╔══

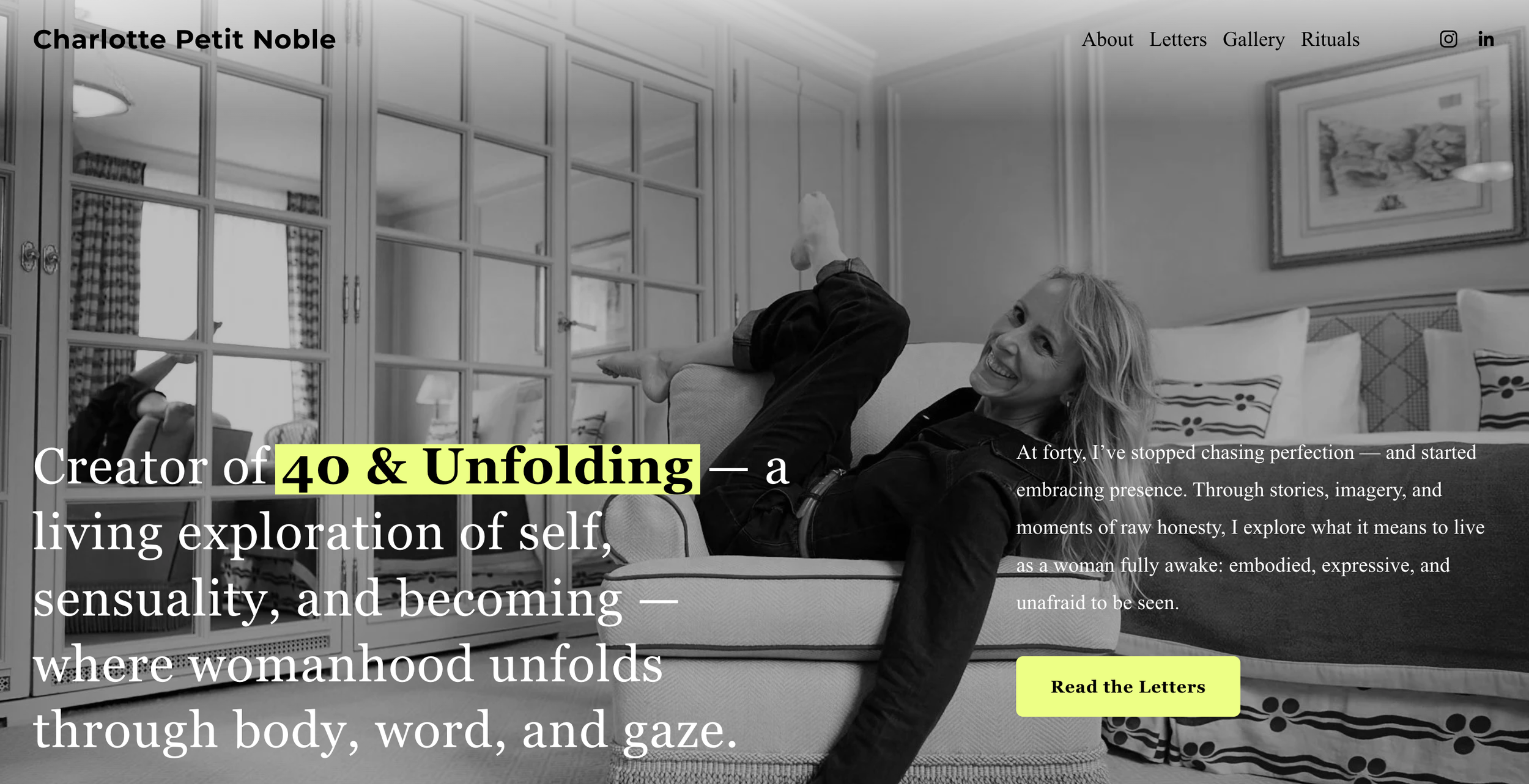 I designed the Squarespace website as a living gallery, blending poetic storytelling with minimalist design and cinematic imagery. Every page invites stillness and reflection — an exploration of sensuality, transformation, and the beauty of becoming. It represents the heart of my work: where creative direction becomes storytelling, and design becomes emotion.
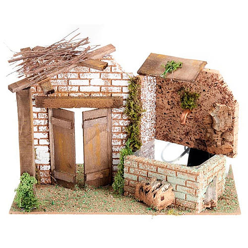 Fuente pesebre eléctrcia con techo y puerta 6watt
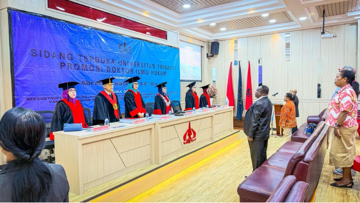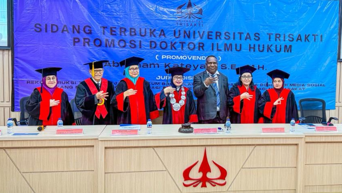 Salah satu putra terbaik Mimika, asal Suku Kamoro berhasil meraih gelar Doktor (Dr) Ilmu Hukum, setelah dinyatakan lulus Ujian Karya Ilmiah (Disertasi) Strata Tiga (S3) di Universitas Trisakti Jakarta, Rabu 21 Januari 2026 pukul 13:00 WIB.
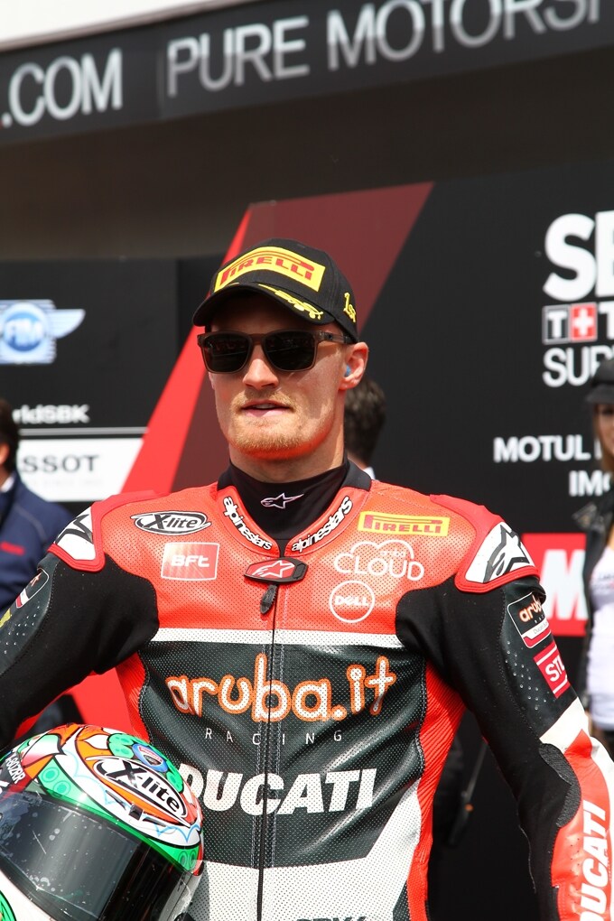 Sulle curve dell'Autodromo Internazionale Enzo e Dino Ferrari di Imola è festa Ducati anche in Superpole. Chaz Davies conquista la prima casella in griglia, dopo aver dominato tutte e tre le sessioni di prove libere. Alle spalle del gallese, che ha firmato il best lap in 1'45.598, l'altra Panigale ufficiale di Davide Giugliano (+0.457) e la Kawasaki di Jonathan Rea (+0.730).
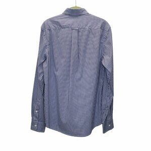 Izod Dress Shirt Men Medium Blue White Check Slim Fit Long Sleeve Classic Preppy
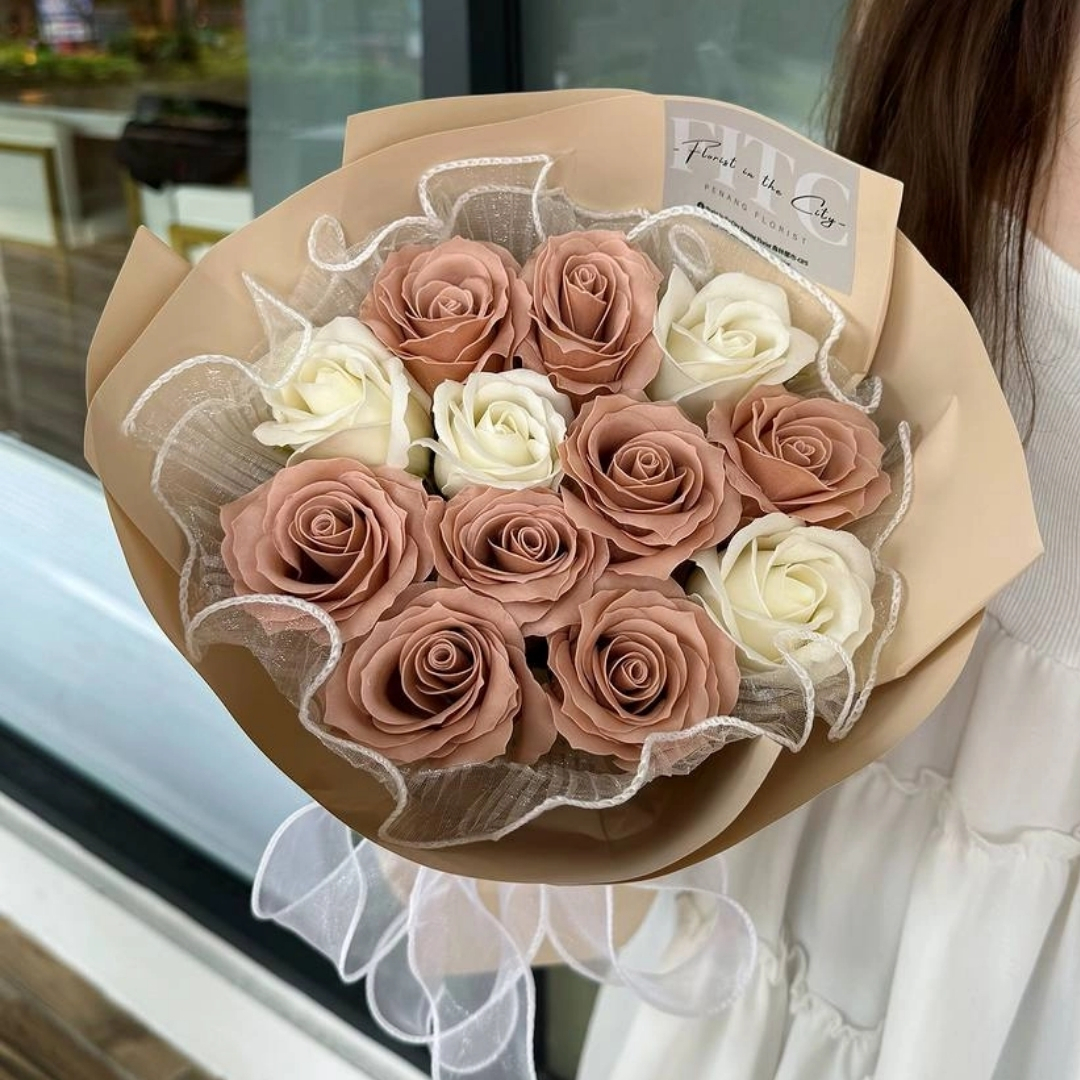 Natural Love Fresh Cappuccino & Choco Rose Mixed Bouquet
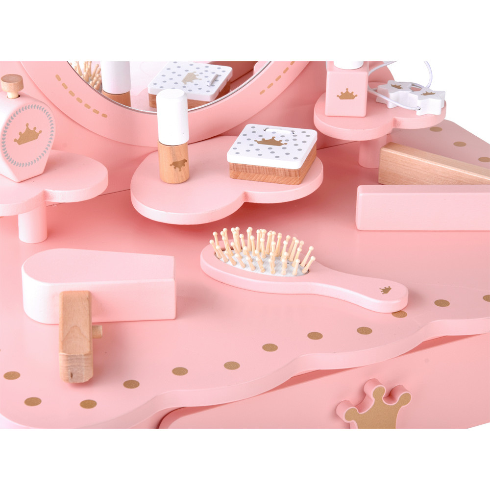 - Masă de toaletă Royal din lemn cu oglindă + scaun + accesorii - roz
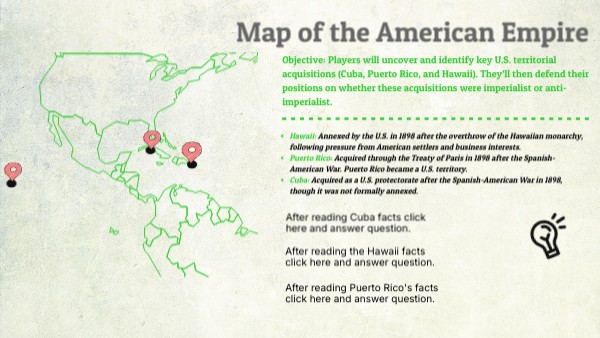 Objective: Players will uncover and identify key U.S. territorial acquisitions (Cuba, Puerto Rico, and Hawaii). They’ll then defend their positions on whether these acquisitions were imperialist or anti-imperialist.
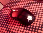 De prime abord, on a affaire à une souris très classique pour la forme : neutre, symétrique et ambidextre. Les gauchers apprécieront. Côté taille, la souris se situe plutôt dans la moyenne basse. Elle épouse assez bien la forme de la main, mais reste un peu courte pour soutenir un poignet d'adulte.On note un léger renfoncement sur chaque tranche, afin d'améliorer la tenue du pouce. Les matériaux utilisés sont également différents : sur la face supérieure, un revêtement « glossy » qui sera au contact des doigts et de la paume — joli, mais un peu salissant à l'usage — et sur les côtés, un habillage en gomme plus adhérent pour améliorer la prise en main.
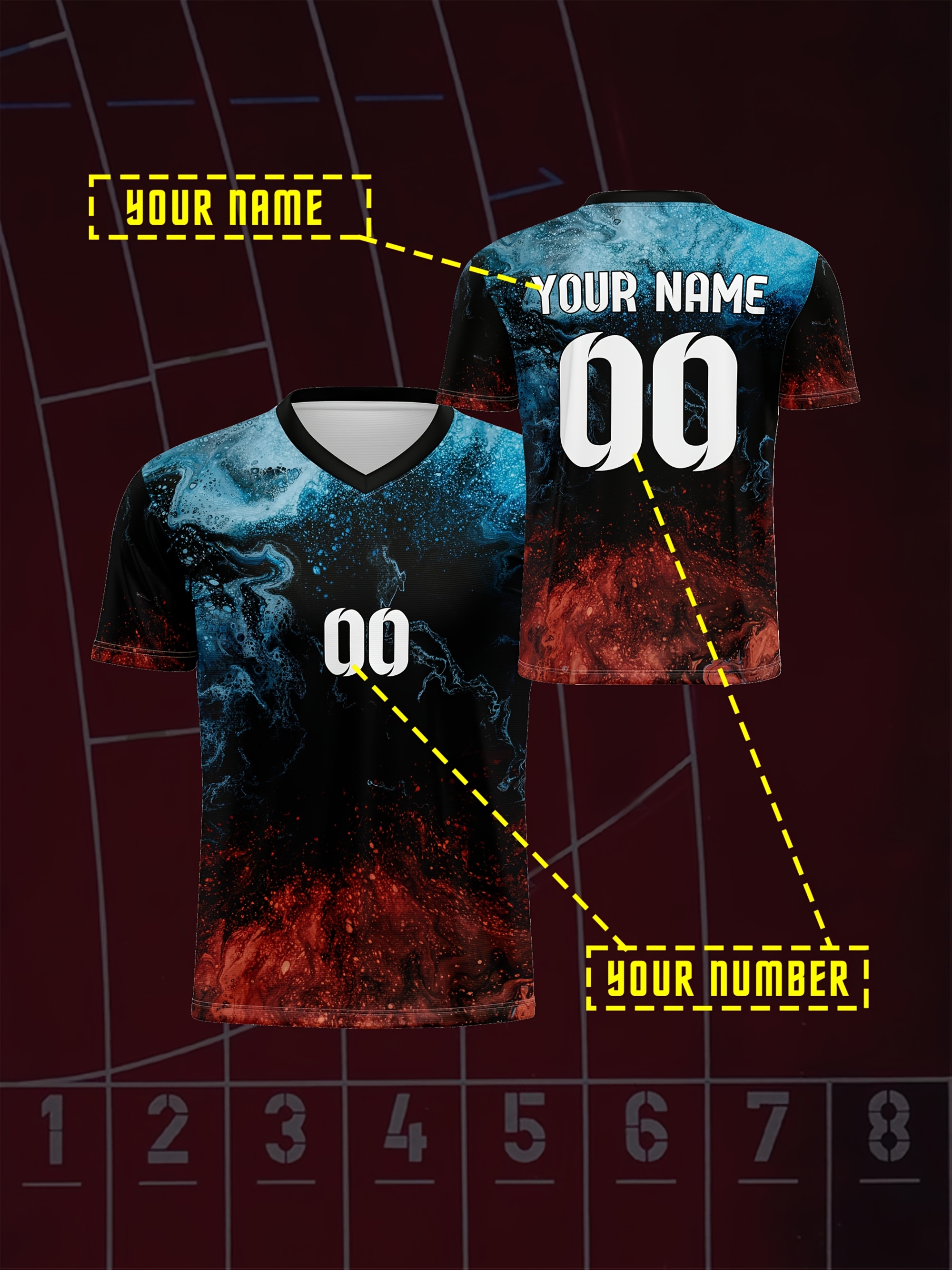 1pc Customizable V-Neck Soccer Jersey for Kids - 100% Polyester, All-Over Print, Personalized Name & Number, Medium Stretch, Regular Fit, for Boys & Girls, Ideal for Sports, Casual Wear, Training, Beach, Birthday - Spring/Summer/Fall
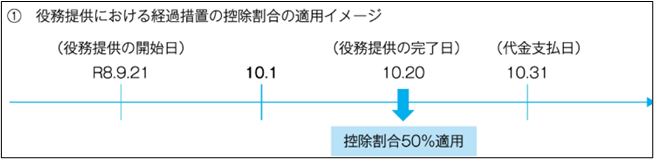 例えばR8.9月に役務提供が開始し、10月に終了した場合は、10月に役務提供の全てが完了したとされ、控除割合50%にて処理します。
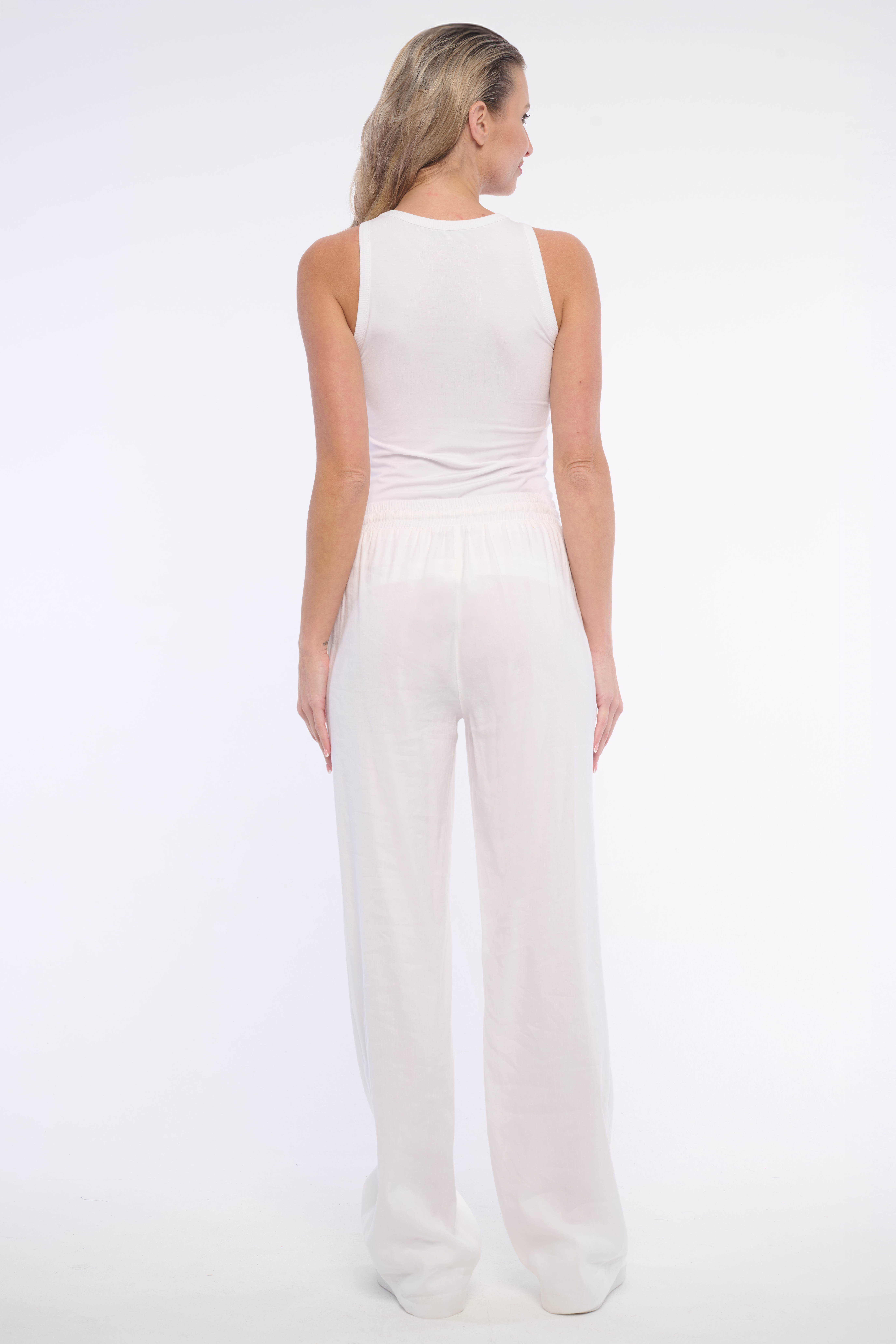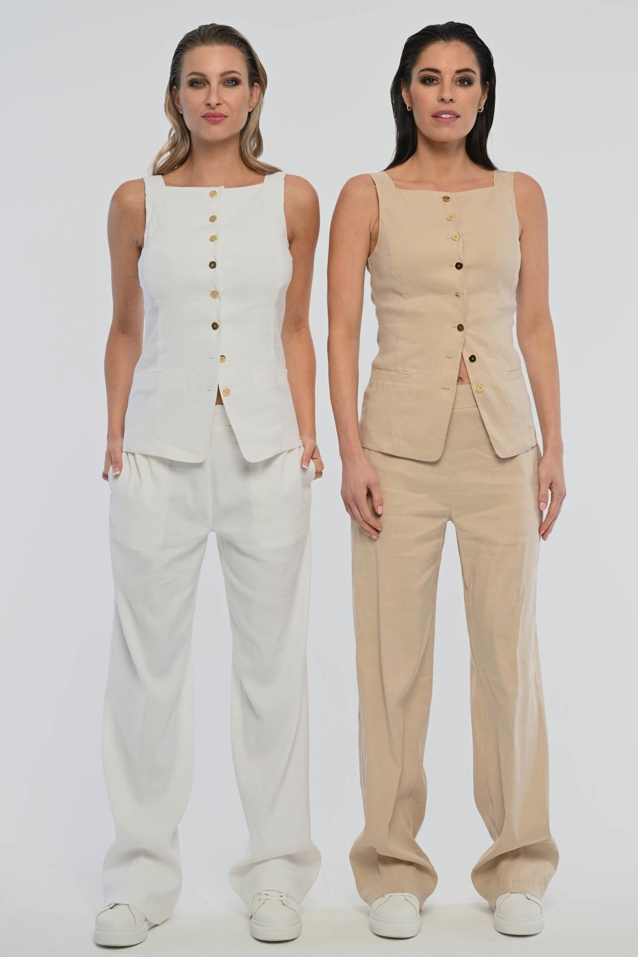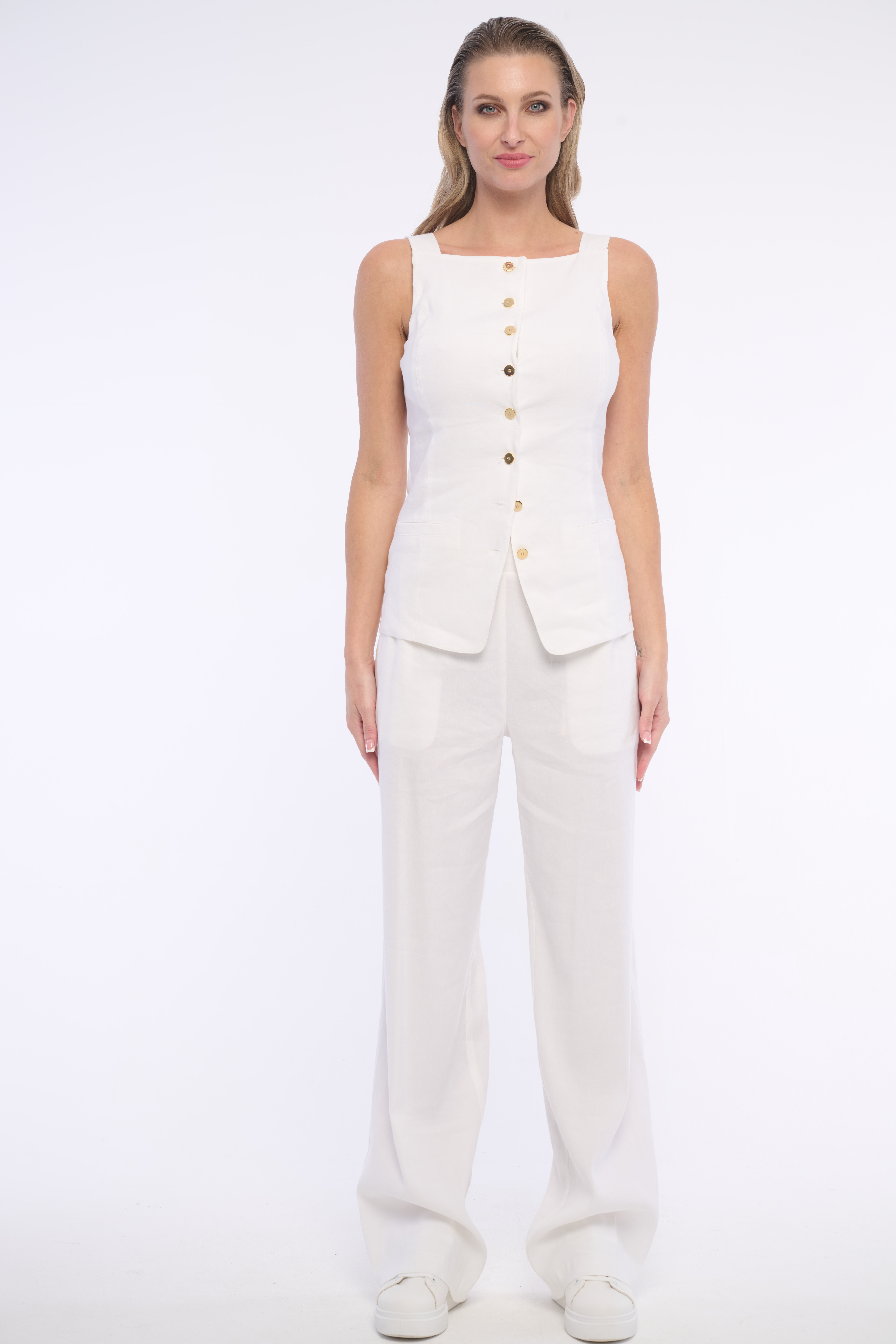Pohodlné lněné kalhoty se zavazováním v pase. Detail na kapse tvoří logo z luxusních krystalů Swarowski. Ideální do kompletu s naší lněnou elegantní vestičkou. Dostupné ve dvou barevných variantách.
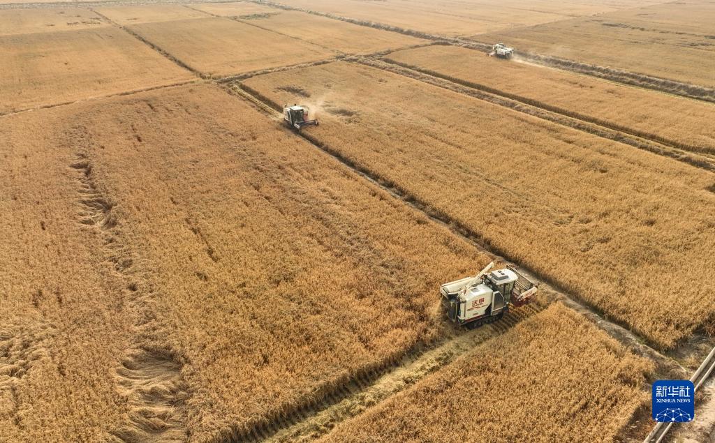 金秋时节,辽宁省阜新市彰武县大冷镇上三家子村的稻田里机声隆隆,一片丰收的繁忙景象。

╚══

With the pictures left aside, write out all of the records above exactly.

 I designed the Squarespace website as a living gallery, blending poetic storytelling with minimalist design and cinematic imagery. Every page invites stillness and reflection — an exploration of sensuality, transformation, and the beauty of becoming. It represents the heart of my work: where creative direction becomes storytelling, and design becomes emotion.
 Fuente pesebre eléctrcia con techo y puerta 6watt
 Salah satu putra terbaik Mimika, asal Suku Kamoro berhasil meraih gelar Doktor (Dr) Ilmu Hukum, setelah dinyatakan lulus Ujian Karya Ilmiah (Disertasi) Strata Tiga (S3) di Universitas Trisakti Jakarta, Rabu 21 Januari 2026 pukul 13:00 WIB.
 Sulle curve dell'Autodromo Internazionale Enzo e Dino Ferrari di Imola è festa Ducati anche in Superpole. Chaz Davies conquista la prima casella in griglia, dopo aver dominato tutte e tre le sessioni di prove libere. Alle spalle del gallese, che ha firmato il best lap in 1'45.598, l'altra Panigale ufficiale di Davide Giugliano (+0.457) e la Kawasaki di Jonathan Rea (+0.730).
 Izod Dress Shirt Men Medium Blue White Check Slim Fit Long Sleeve Classic Preppy
 Natural Love Fresh Cappuccino & Choco Rose Mixed Bouquet
 - Masă de toaletă Royal din lemn cu oglindă + scaun + accesorii - roz
 Objective: Players will uncover and identify key U.S. territorial acquisitions (Cuba, Puerto Rico, and Hawaii). They’ll then defend their positions on whether these acquisitions were imperialist or anti-imperialist.
 De prime abord, on a affaire à une souris très classique pour la forme : neutre, symétrique et ambidextre. Les gauchers apprécieront. Côté taille, la souris se situe plutôt dans la moyenne basse. Elle épouse assez bien la forme de la main, mais reste un peu courte pour soutenir un poignet d'adulte.On note un léger renfoncement sur chaque tranche, afin d'améliorer la tenue du pouce. Les matériaux utilisés sont également différents : sur la face supérieure, un revêtement « glossy » qui sera au contact des doigts et de la paume — joli, mais un peu salissant à l'usage — et sur les côtés, un habillage en gomme plus adhérent pour améliorer la prise en main.
 1pc Customizable V-Neck Soccer Jersey for Kids - 100% Polyester, All-Over Print, Personalized Name & Number, Medium Stretch, Regular Fit, for Boys & Girls, Ideal for Sports, Casual Wear, Training, Beach, Birthday - Spring/Summer/Fall
 例えばR8.9月に役務提供が開始し、10月に終了した場合は、10月に役務提供の全てが完了したとされ、控除割合50%にて処理します。
Pohodlné lněné kalhoty se zavazováním v pase. Detail na kapse tvoří logo z luxusních krystalů Swarowski. Ideální do kompletu s naší lněnou elegantní vestičkou. Dostupné ve dvou barevných variantách.
 金秋时节,辽宁省阜新市彰武县大冷镇上三家子村的稻田里机声隆隆,一片丰收的繁忙景象。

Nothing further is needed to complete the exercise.